Make Good Art.

-Neil Gaiman

Sunday, April 2, 2017

Die Young


"Babe?"

"Yeah, what's up?"

I've wandered out into the living room, still mostly asleep. 

"Is your skin peeling off?"

Even mostly asleep, I can hear the slight laugh in his voice. 

"No, I'm okay."

"Are you sure?"

"Pretty sure."

"I just don't want you to die."

"I think I'm okay for tonight."

"Okay, I love you."

"Love you, too."
***

"Do you feel like you were unprepared for marriage?"

The husband has joined me in therapy. Again, I am discomfited by my therapist's questions about our lives together. 

"I don't know." 

She doesn't push. I don't share. The husband only listens. 

Of course I was unprepared for marriage, I think.

"Did it ever occur to you that you wouldn't get married?"

"Of course."

"What was that like?"

I shrug. "It wasn't bad. I would be in my apartment until I decided I wanted to adopt a dog. I'd keep bees. I'd have friends and help them raise their children. I'd have hobbies and work."

"Anything else?"

"No."

"Would it be a lonely life?"

"I never thought it was."
***

I miss being single.

Whenever I bring this up in front of my friends, they are quick to point out "You hated dating" and "Remember that time you didn't sleep because you were afraid your overnight guest was going to kill you?"
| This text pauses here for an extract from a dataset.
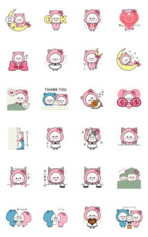 ラブリーで女子力高め☆くまぽこの妹サクラちゃん!かわいくて使いやすいスタンプです。くまぽことちびぽこも登場するよ♪バレンタインにも♡

Yes, of course I remember. 

The desire to sometimes be single is one of the most surprising things about being married. There are days when I miss my old Saint Paul apartment with its high ceilings and wood floors. I miss having brussels sprouts or kale salad for dinner. I miss having music on every hour I was awake. I miss being forty pounds lighter. I miss being able to pee with the door open. 

I miss being single. 

***

"Hey."

"Hey."

"This is going to sound really high school, but can I play a song and have you listen to it?"

"Sure, what song is it?"

"Die Young, by Sylvan Esso."

He stops puttering on his laptop at the chorus. 

I was gonna die young.
Now I gotta wait for you, hon.
I had it all planned out before you met me. 
I had a plan, you ruined it completely. 

After listening he asks "Kel, what was your plan for your life if you hadn't met me? Nothing quite so morose as this?"

I shake my head."No, not quite."

***

I was unprepared for a lot of things about marriage. 

I don't know how to share space with another person, or how to disagree on how the cats are being raised. I had no idea how to say, kindly, "Don't be such an ass." I don't know how to not play music whenever I'm at home, or how not to judge someone because they hate vegetables. 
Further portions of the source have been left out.